■ **WHAT TO DO**: Your task is to copy the stretch of lines in the records below that begins with the line containing "Пробіотичний комплекс (5" and ends with the line containing "The processing starts", exactly as written, with nothing added.

Segment Start: RECORDS SHOWN

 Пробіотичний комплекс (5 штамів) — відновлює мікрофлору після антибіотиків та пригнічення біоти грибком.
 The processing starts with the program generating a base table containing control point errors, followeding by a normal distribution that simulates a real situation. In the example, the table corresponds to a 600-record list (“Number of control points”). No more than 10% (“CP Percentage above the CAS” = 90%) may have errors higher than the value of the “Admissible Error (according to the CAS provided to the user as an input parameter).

Segment End: RECORDS SHOWN
Segment Start: RECORDS SHOWN

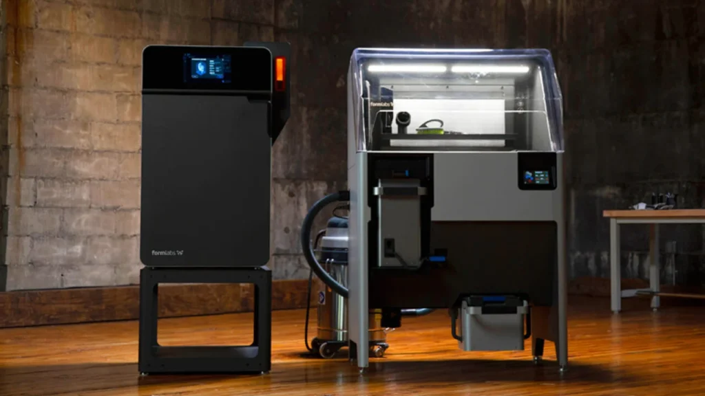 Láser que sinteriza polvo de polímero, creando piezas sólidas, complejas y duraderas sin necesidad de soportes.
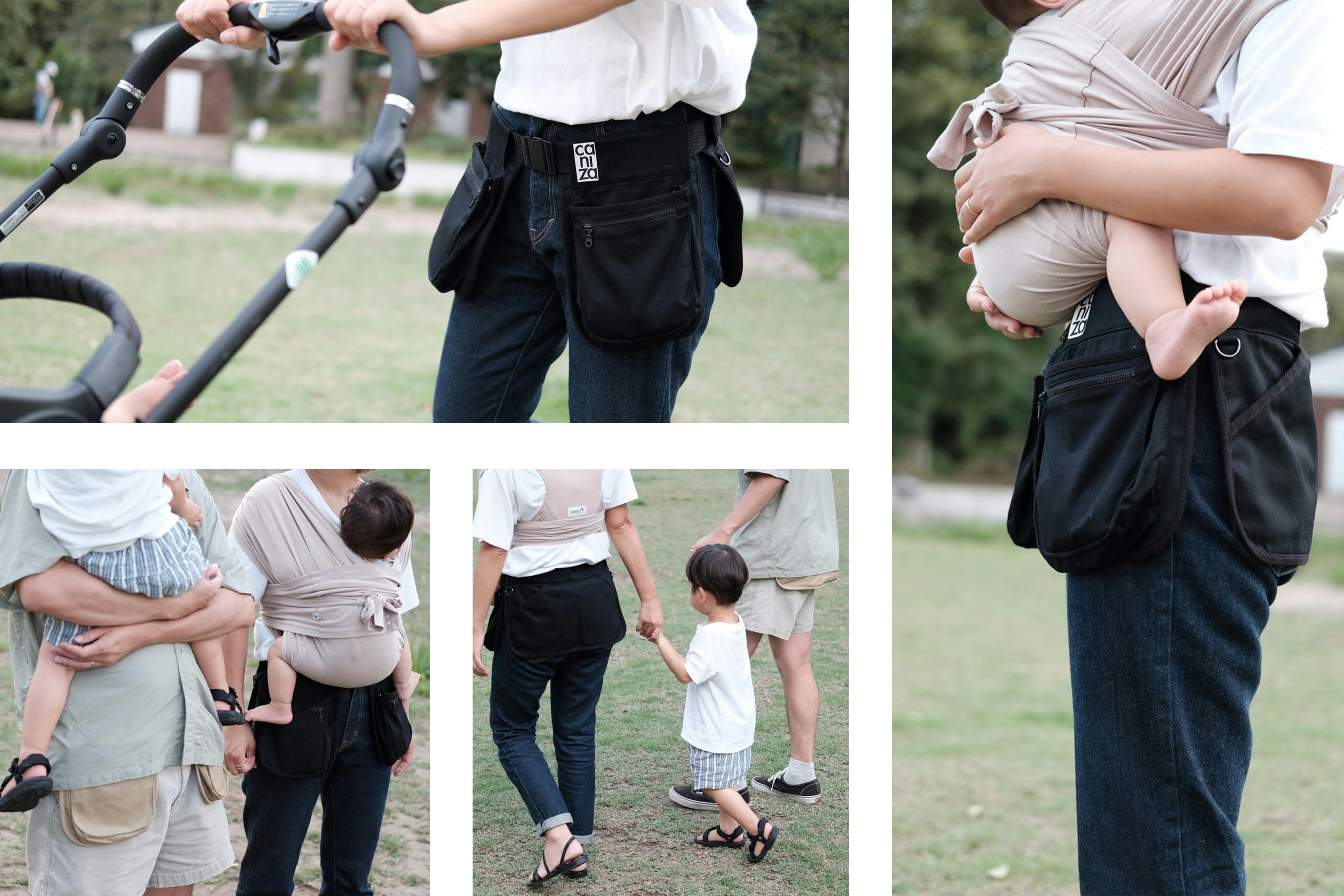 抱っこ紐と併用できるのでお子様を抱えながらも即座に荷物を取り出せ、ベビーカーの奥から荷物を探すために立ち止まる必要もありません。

Segment End: RECORDS SHOWN

■ **OUTPUT**:
 Пробіотичний комплекс (5 штамів) — відновлює мікрофлору після антибіотиків та пригнічення біоти грибком.
 The processing starts with the program generating a base table containing control point errors, followeding by a normal distribution that simulates a real situation. In the example, the table corresponds to a 600-record list (“Number of control points”). No more than 10% (“CP Percentage above the CAS” = 90%) may have errors higher than the value of the “Admissible Error (according to the CAS provided to the user as an input parameter).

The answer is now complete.